The Parameter Optimization module provides several functions to help you automatically plan and optimize the physical and electronic parameters of your network.

This tutorial uses functionality from the Parameter Optimization Module. This module can be installed by clicking the Install button on the Parameter Optimization product page. Once installed, you will need to restart Overture to use this module's features.

This tutorial shows you how to use the Parameter Planning functions of the Parameter Optimization module to plan and optimize the electronic parameters of an LTE network. We will start by assuming that the steps in the Tutorial have been followed to set up the network below:

You should then follow the steps in this tutorial to configure the network for LTE and to add LTE-specific parameters. Also make sure that you add the LTE-specific Parameter Planning components. Your Radios Table should now look like this:

You can see that the current channel plan is a simple 0, 1, 2 design. Notice that the Flag values for the N1CellID, N2CellID and PCI (CellID) parameters are all 0. Note that the N1CellID and N2CellID values are combined to form the CellID (3 * N1CellID + N2CellID) and that they are also used to seed the Primary Synchronization Signal (PSS) and Secondary Synchronization Signal (SSS).

Benchmarking The Initial Design

Before trying to optimize this network, we will first try to understand the performance of this unoptimized design. As this is an LTE network, we will be primarily interested in the CINR (Carrier to Interference + Noise Ratio). We can display a map of the CINR using the Map Layers view. Locate the map layer view and double-click the CINR entry:

This displays the following map:

We can also produce statistics for the overall network coverage. The Cover Model for LTE is based on signal quality, so the area covered by the network is limited by the CINR. We will run the Coverage By Site statistic to see how the coverage is distributed across our network. We can do this from the Start Page, by navigating to Analysis > Statistics.
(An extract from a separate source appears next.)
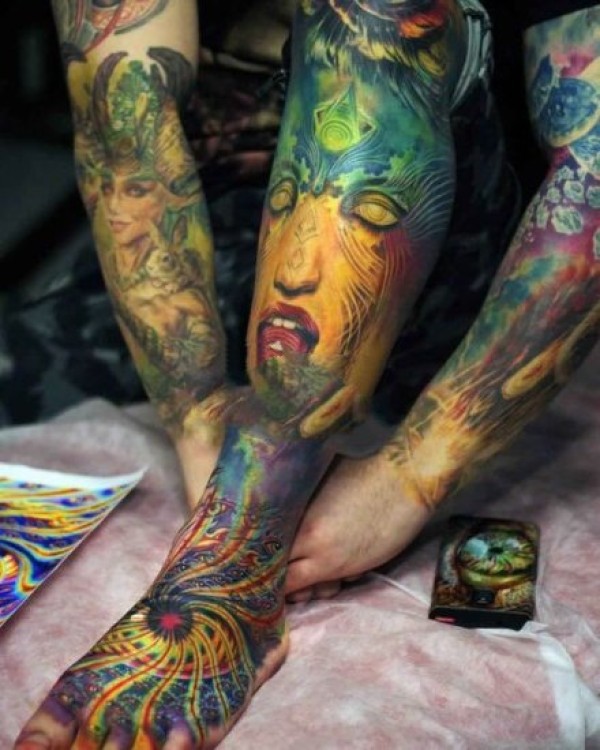 一组炫彩色大花臂纹身图案作品

Select the Coverage By Site statistic from the pull-down menu, and then click the Calculate button, as highlighted above. When Overture has finished, the following table will be displayed:

We will be making future comparisons to this result, so we will also click the Set Baseline button:

We will use the Compare to Baseline button later.

Channel Planning

Now that we have carried out a basic analysis of our LTE network, we can optimize the channel plan to improve the CINR and drive up the network coverage. To do this, we need to locate the Parameter Planning page of the Start Page. Instructions on how to reach this can be found here.

We will use this to optimize the channel plan. The Parameter Planning component works with the selected set of Radios in this instance we want to optimize everything, and so we will click the Select All Radios button at the bottom of the page, but if want to learn more about different ways to make selections, see the instructions here.

Ensure that the LTE Layer Optimizer is selected in the pull-down list, then click the Start button to begin the optimization process. When the optimization completes, you will see a table of the changes that were made:

We can now evaluate the new channel plan. The CINR map now looks like this:

Improvements can be seen around the cluster of sites in bottom left corner:

Before	After

We can also examine the improvements in the overall coverage statistics. Return to the Statistics page, select the Coverage By Site and then click the Compare to Baseline button:

Improving the CINR through optimizing the channel plan has improved the overall coverage by around 5 km².

Parameter Planning

Having improved the channel plan, we can now go on to plan N1CellID and N2CellID parameters. We will concentrate on the N1CellID; but the process for N2CellID is very similar. As before, we will first examine the performance of the network before applying optimization.

One way to visualize interference in the N2CellID layer is to look at the Resource Reuse Distance. The N2CellID reuse distance for a particular radio is the distance to the closest radio with the same N2CellID setting. We can generate a table of reuse distance by radio from the Analysis > Layer Models > Browse > N2CellID Layer > Resource Reuse menu option. This produces the following table:

Click on the Distance column to sort the table by the distance values as above. This table shows the smallest N2CellID reuse distance for every radio in the network. A N2CellID clash occurs when the two radios have the same channel and the same N2CellID value. As every radio currently has a N2CellID value of 0, there are quite a few clashes between nearby radios.

We will now plan the N2CellID values to improve these reuse distances. Broadly speaking, the better the N2CellID plan, the larger the overall reuse distances will be. Return to the Parameter Planning page and ensure that the N2CellID Layer Optimizer component is selected:

Then click the Start button to run the N2CellID optimizer. When it completes, rerun the N2CellID Reuse report as before:

The N2CellID reuse distances are now generally much smaller throughout the network:

We have now planned the N2CellID values for our network. We can process the N1CellID values in much the same manner.

Conclusion

This tutorial has shown you how to use the Parameter Planning functions of the Parameter Optimization to automatically and easily optimize the various electronic parameters of your LTE network.